A Roma una strada progettata nel 312 a.C. rimane uno snodo centrale per la vita della capitale: tra pendolari, turisti e magia.

Geschrieben von Giulio Pecci il 30 Juli 2025
Aggiornato il 1 August 2025

Tempo fa andavo al lavoro in motorino quando all’improvviso un rumore metallico mi ha distolto dal torpore mattutino. Uno dei due ganci del parabrezza si è staccato di colpo e la lunga vite che lo reggeva si è persa dietro di me. Ho fatto il resto del tragitto guidando con una mano sola, reggendo con l’altra il parabrezza monco e penzolante. Il fattaccio è successo arrivando al semaforo che regola l’incrocio tra Via Appia Antica e Viale di Porta Ardeatina, proprio di fronte al museo delle Mura Aureliane – l’antico punto di entrata della città di Roma.

Può sembrare un caso, uno strano colpo di sfortuna, si potrebbe essere tentati di dare la colpa al montaggio approssimativo del parabrezza. Si tratta invece di una cosa normalissima quando si percorre tutti i giorni un tratto di strada costruita più di duemila trecento anni fa, praticamente invariata da allora e non progettata per i mezzi di locomozione contemporanei. Tutte le vibrazioni di un manto stradale assurdo – fatto di sampietrini rotti e voragini grosse come piccole piscine – si sono accumulate, lavorando insieme piano piano, fino a liberare la povera vite. O per dirla con Francesco De Carlo, alla fine di una strada del genere “il motorino lo smonti proprio, te lo metti in tasca e continui a piedi.”

STORIA 

Se si cresce a Roma, soprattutto a Roma Sud, una delle prime cose che si imparano è che la Via Appia Antica è uno dei massimi orgogli cittadini. Costruita dagli antichi romani e in funzione tutt’oggi, “arriva fino a Brindisi!”, non mancherà di sottolineare gaiamente l’adulto che vuole far colpo sull’immaginazione del bambino. Ignorando che i bambini non sanno dove si trovi Brindisi, eccezion fatta per i bambini pugliesi – ma nutro dei dubbi anche su di loro. È quella voglia eterna di noi romani di ricordare a tutti (in primis a noi stessi) il continuum spazio temporale di cui in teoria facciamo parte, l’eco di quella grandezza antica che non smette di riverberare tutt’oggi.

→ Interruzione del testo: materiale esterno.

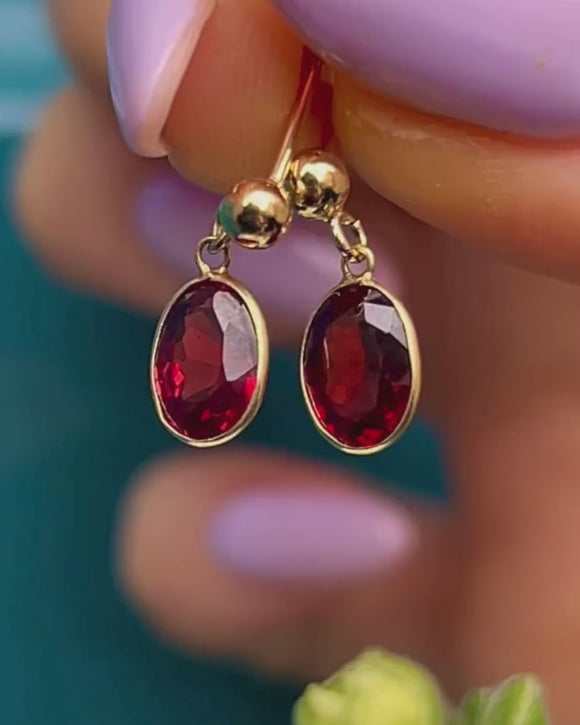 Indulge in the enchanting allure of these antique 18ct Gold Garnet earrings! Flawlessly preserved, these Victorian Garnet earrings are ready to add luxurious juicy cherry hues to your lobes.
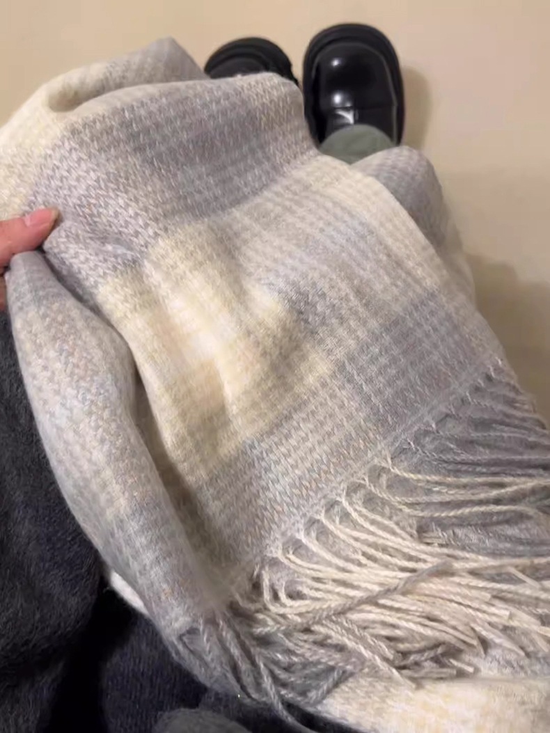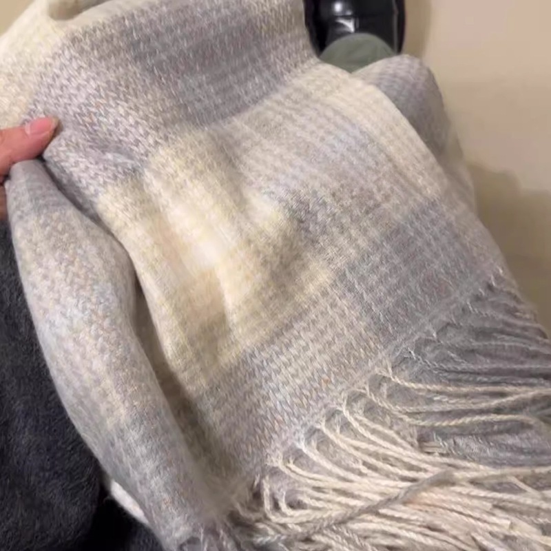 회색 격자 무늬 스카프 겨울 여성의 한국식 분위기 스카프 목도리 외부 목 보호 냉방성 고급 2024 새로운

Non so se avete mai ascoltato un eco a lungo, molto a lungo. Più va avanti, più la ripetizione diventa distorta, corta, incompleta insomma: una caricatura di sé stessa. Non per questo brutta, anzi, ma sicuramente spoglia delle caratteristiche originarie. Oggi di quella che viene definita una delle più grandi opere di ingegneria civile del mondo antico rimane un duplice e interessante fantasma. Da una parte il lato turistico: quel Parco Archeologico dell’Appia Antica (costituito ufficialmente nel 2016) che è effettivamente un luogo magico, intriso di storia e reperti unici al mondo. Percorrere quei pezzi di Appia Antica significa sognare ad occhi aperti, abitare un set cinematografico e vivere uno dei pochi luoghi al mondo in cui sentiamo veramente di essere trasportati a millenni di distanza.

Poi c’è il lato non turistico, quello della gente che questa città senza senso la vive tutti i giorni. Qui l’Appia Antica diventa una distorsione, un rovescio di tutto ciò che è dorato e turistico. Valerio Mattioli al rovescio di Roma, quella (vera) che vive fuori dalle Mura Aureliane ha dedicato un libro intero – “Remoria”. Remoria era la città che, vuole la leggenda, sarebbe stata fondata da Remo se non fosse stato ucciso dal fratello Romolo. Per Mattioli se percorriamo il G.R.A. contromano, uscendone ci si troverà come per incanto a Remoria. Il Grande Raccordo Anulare, l’autostrada uruborica che oggi per i romani segna il confine tra ciò che è Roma e ciò che non lo è; esattamente quello che, in antichità, rappresentavano le Mura Aureliane. Un quadrato, quello delle Mura, oggi contenuto dentro un cerchio, quello del G.R.A.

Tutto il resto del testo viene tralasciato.